CRITICAL appraisal has dismissed World Health Organisation ( WHO)-recommended campaigns to circumcise millions of African boys and men to reduce HIV transmission as mere systemic racism and “neo-colonialism” than sound scientific research.
Published in the Developing World Bioethics, the study was conducted by VMMC Experience Project along with other legal and medical experts from the United Kingdom, United States, Cameroon, Zimbabwe and South Africa.
It examined the history and politics of these circumcision campaigns in the context of race and colonialism and found that they had been started in haste and without sufficient contextual research.
The paper concluded that the campaigns had been carried out in a manner that implied troubling assumptions about culture, health and sexuality in Africa.
“Africans were underrepresented in the decision-making process, and needed a greater voice in the planning of such an intimate health intervention,” said Max Fish, lead author and founder of the VMMC Experience Project.
“There has been a global spotlight on systemic racism and racist institutions following the death of George Floyd, an African American man, at the hands of a white police officer in May. However, unethical human experimentation on Africans and African Americans remained a pervasive problem in Western medicine that has received relatively little attention.”
“Africa was targeted and it is still being targeted,” said Cleophas Matete, a Kenyan bishop, who is quoted in the study.
“It is used as a continent to experiment. Should they introduce anything that is (morally questionable), they want to experiment in Africa. So I believe that the entire process of trying to test it in Africa was wrong from the beginning, and I say no to it.”
Arianne Shahvisi, senior lecturer in ethics at Brighton and Sussex Medical School and second author, said: “We believe the decision to implement the circumcision campaign in southern and eastern Africa was not based on robust scientific evidence, but instead assumed that the results from clinical trials would safely ‘scale’ to the real world without thinking through the cultural implications.
“We argue that as a surgically corrective measure, the present circumcision campaigns hinge on racist, homogenising assumptions about the sexuality of those who are targeted, as well as a belief that HIV risk behaviours can be appraised independently of poverty and systemic factors.”
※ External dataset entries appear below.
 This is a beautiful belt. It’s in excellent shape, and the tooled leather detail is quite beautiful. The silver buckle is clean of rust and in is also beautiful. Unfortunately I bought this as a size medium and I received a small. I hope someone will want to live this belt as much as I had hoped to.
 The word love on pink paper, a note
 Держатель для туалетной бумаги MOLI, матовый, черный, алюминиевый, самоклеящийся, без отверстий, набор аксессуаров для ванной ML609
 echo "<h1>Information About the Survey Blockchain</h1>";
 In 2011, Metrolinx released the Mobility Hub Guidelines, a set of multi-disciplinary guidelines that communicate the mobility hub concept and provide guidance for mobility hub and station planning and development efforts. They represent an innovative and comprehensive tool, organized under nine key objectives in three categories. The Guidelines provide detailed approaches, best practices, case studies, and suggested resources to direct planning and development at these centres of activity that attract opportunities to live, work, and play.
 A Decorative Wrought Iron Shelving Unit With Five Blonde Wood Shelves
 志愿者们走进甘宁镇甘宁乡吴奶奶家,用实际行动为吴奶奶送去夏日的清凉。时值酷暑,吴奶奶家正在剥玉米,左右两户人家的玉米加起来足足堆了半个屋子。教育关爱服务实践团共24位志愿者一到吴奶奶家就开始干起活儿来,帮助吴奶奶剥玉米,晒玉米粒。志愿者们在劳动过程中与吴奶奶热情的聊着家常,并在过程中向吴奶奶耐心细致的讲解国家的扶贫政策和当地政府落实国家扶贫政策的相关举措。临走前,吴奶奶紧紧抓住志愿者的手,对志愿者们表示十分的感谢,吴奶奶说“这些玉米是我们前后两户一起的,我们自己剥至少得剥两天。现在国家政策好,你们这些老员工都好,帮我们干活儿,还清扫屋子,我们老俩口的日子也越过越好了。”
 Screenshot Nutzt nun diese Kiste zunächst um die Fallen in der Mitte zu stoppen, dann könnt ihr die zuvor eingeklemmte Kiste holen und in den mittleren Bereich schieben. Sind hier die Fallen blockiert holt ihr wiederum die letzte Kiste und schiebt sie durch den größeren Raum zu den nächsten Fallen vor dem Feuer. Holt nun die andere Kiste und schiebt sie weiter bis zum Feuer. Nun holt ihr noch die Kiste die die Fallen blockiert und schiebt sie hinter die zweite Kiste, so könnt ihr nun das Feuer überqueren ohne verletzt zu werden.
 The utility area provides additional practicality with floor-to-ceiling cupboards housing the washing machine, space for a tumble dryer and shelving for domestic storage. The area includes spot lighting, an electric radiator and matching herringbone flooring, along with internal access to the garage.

In 2007, WHO and UNAids recommended voluntary medical male circumcision (VMMC) as critical in reducing the risk of sexual transmission of HIV from females to males by 60%.
This percentage has, however, been disputed over the years and to date no conclusive data has been found to validate the claims.
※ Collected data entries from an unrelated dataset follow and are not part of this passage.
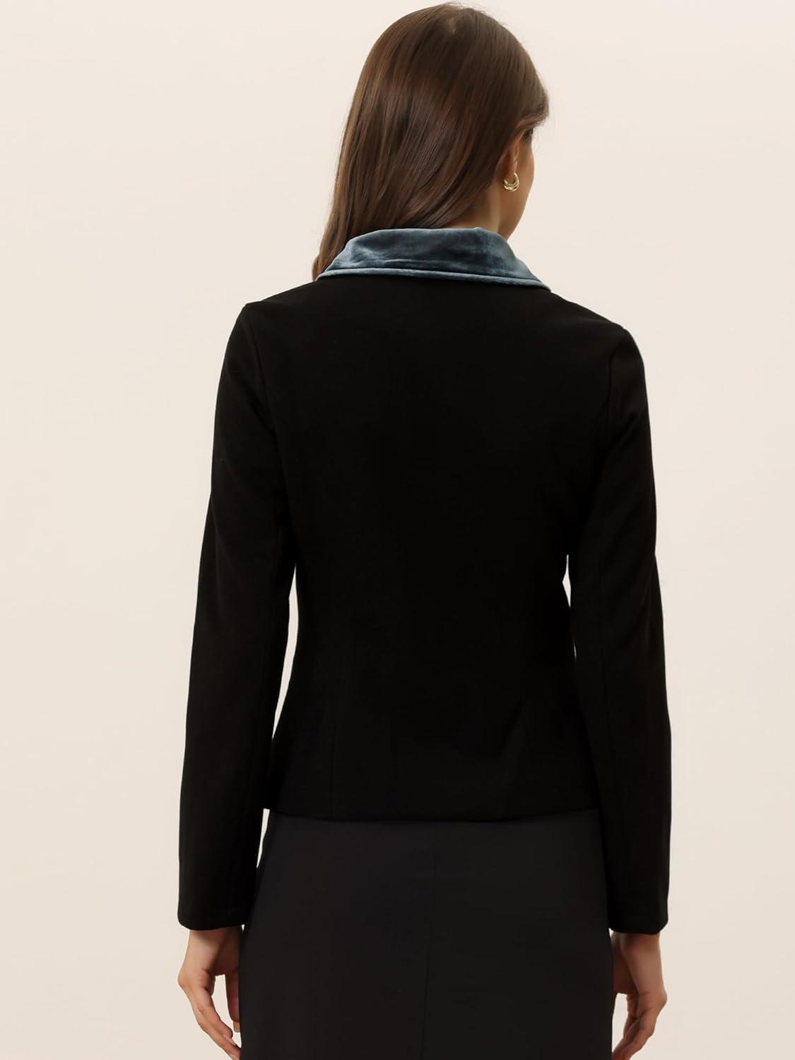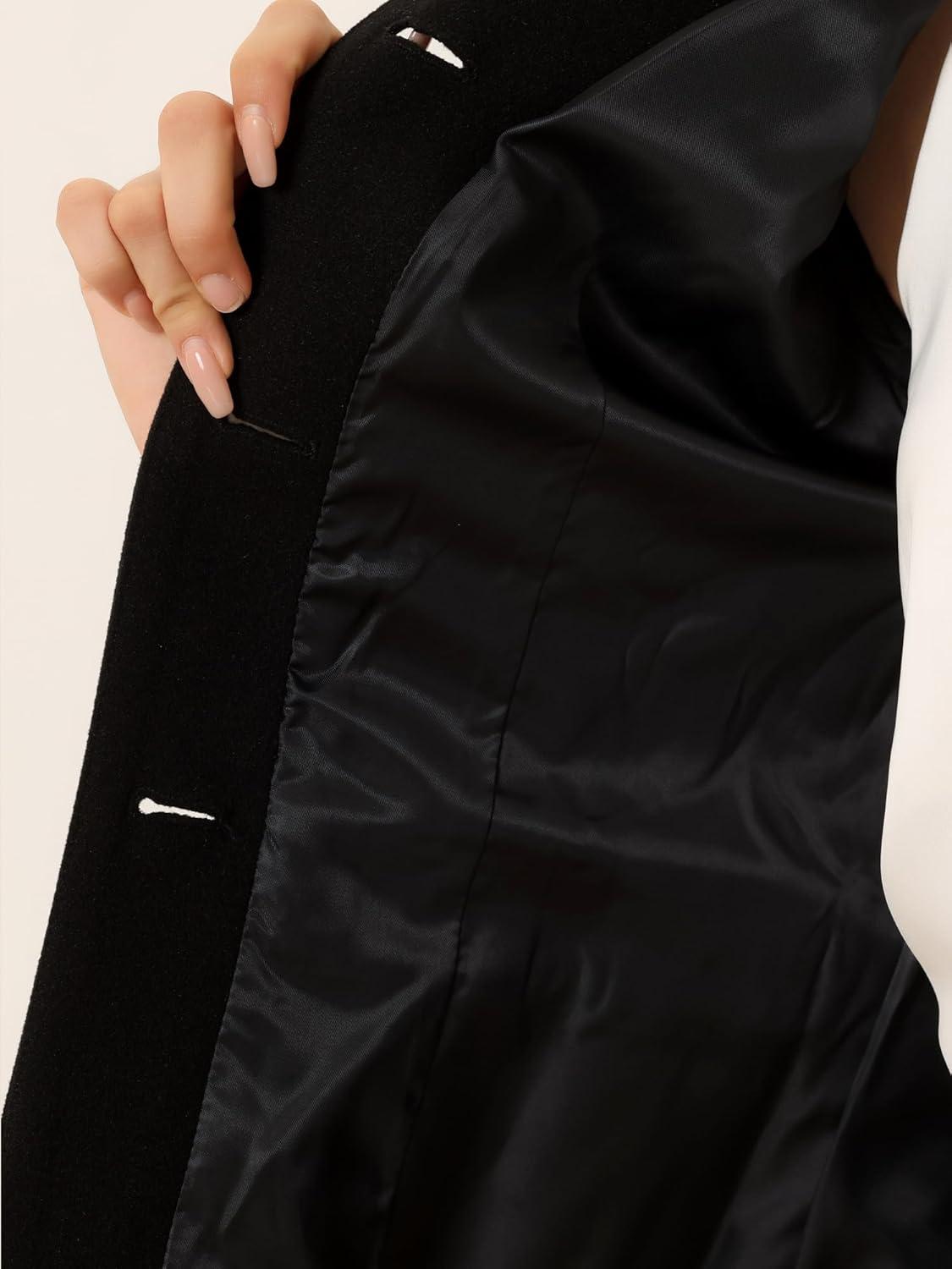 Allegra K Women's Work Office Winter Coat Turndown Collar Single Breasted Outerwear Peacoat(Black)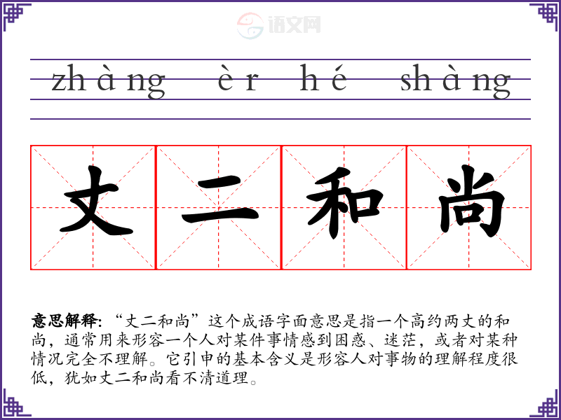 “丈二和尚”这个成语字面意思是指一个高约两丈的和尚,通常用来形容一个人对某件事情感到困惑、迷茫,或者对某种情况完全不理解。它引申的基本含义是形容人对事物的理解程度很低,犹如丈二和尚看不清道理。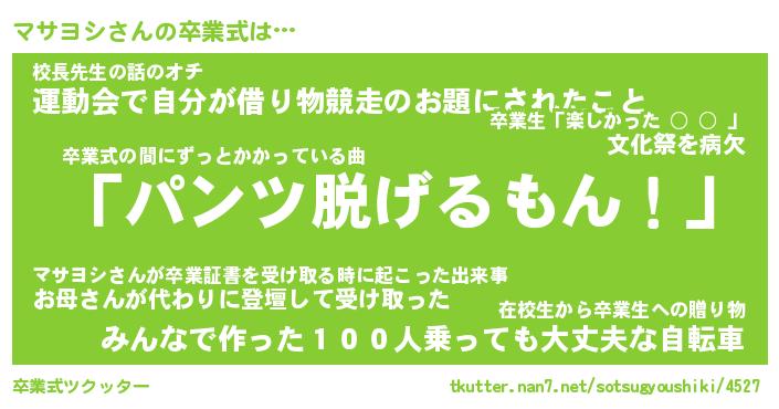 | 意味不明あだ名 | 『ペロリンマサヨシ』『永久保存マサヨシ』 |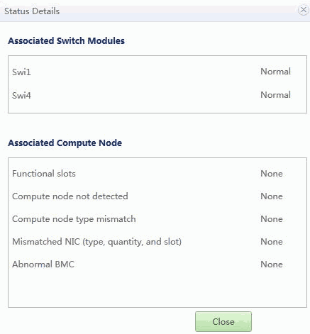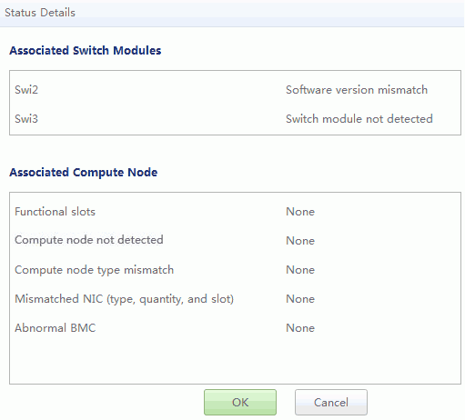 Switch modules are abnormal if their types do not match, their software versions do not match, their version query times out their BMCs are abnormal, or the Ethernet switch module passwords are incorrect.
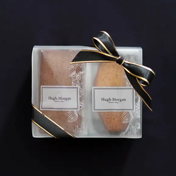 日本初スペシャルティ・バニラ専門店、Hugh Morgan(ヒューモルガン)。フルーティーな香りが際立つサクサクとした食感のバニラフィナンシェと、バニラの甘く華やかな香りが広がる、卵黄をたっぷり贅沢に使ったマドレーヌのアソートセット。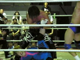 佐々木パワーボム(右写真)、カウント2。HARASHIMAにタッチ。HARASHIMAはコーナーから「チェストー!」ミサイルキック、吹っ飛んだ石川はそのまま矢野にタッチ。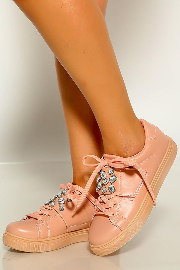 Be stylish and comfy in these super cute sneakers! Featuring; two tone, rhinestones, lace up closure, followed by a cushioned footbed.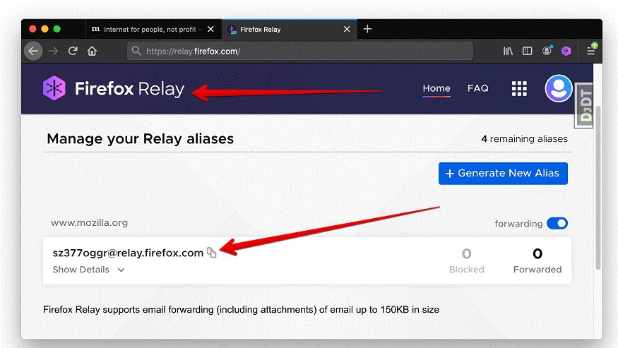 لذلك يدعم متصفح فايرفوكس إضافة (Firefox Relay) الي تعتبر الحل الذكي لحماية بريدك الإلكتروني، حيث تتيح لك إنشاء عنوان بريد إلكتروني بديل بنقرة واحدة فقط ثم توجيه الرسائل التي تصلك عليه مع الحفاظ على خصوصية بريدك الإلكتروني الفعلي. بالإضافة إلى ذلك تساعد في تقليل البريد العشوائي ومحاولات القرصنة.

Zimbabwe adopted voluntary medical male circumcision in 2007 and began implementing it in 2009. The country immediately set itself a target of circumcising 1,3 million men by 2017.
The campaign was initially high powered with robust messaging and massive roadshows to promote the initiative. Several celebrities were roped in under the Pinda muSmart campaign.
But over the years the campaign has steamed off and last year a UNAids Zimbabwe HIV and Women report showed that Zimbabwe had the lowest coverage rates in sub-Saharan Africa, with 14,3% of men aged 15-49 circumcised as of 2017.
Messaging for the campaign has also shifted and VMMC is now referred to as an intelligent lifestyle choice rather than a medical intervention.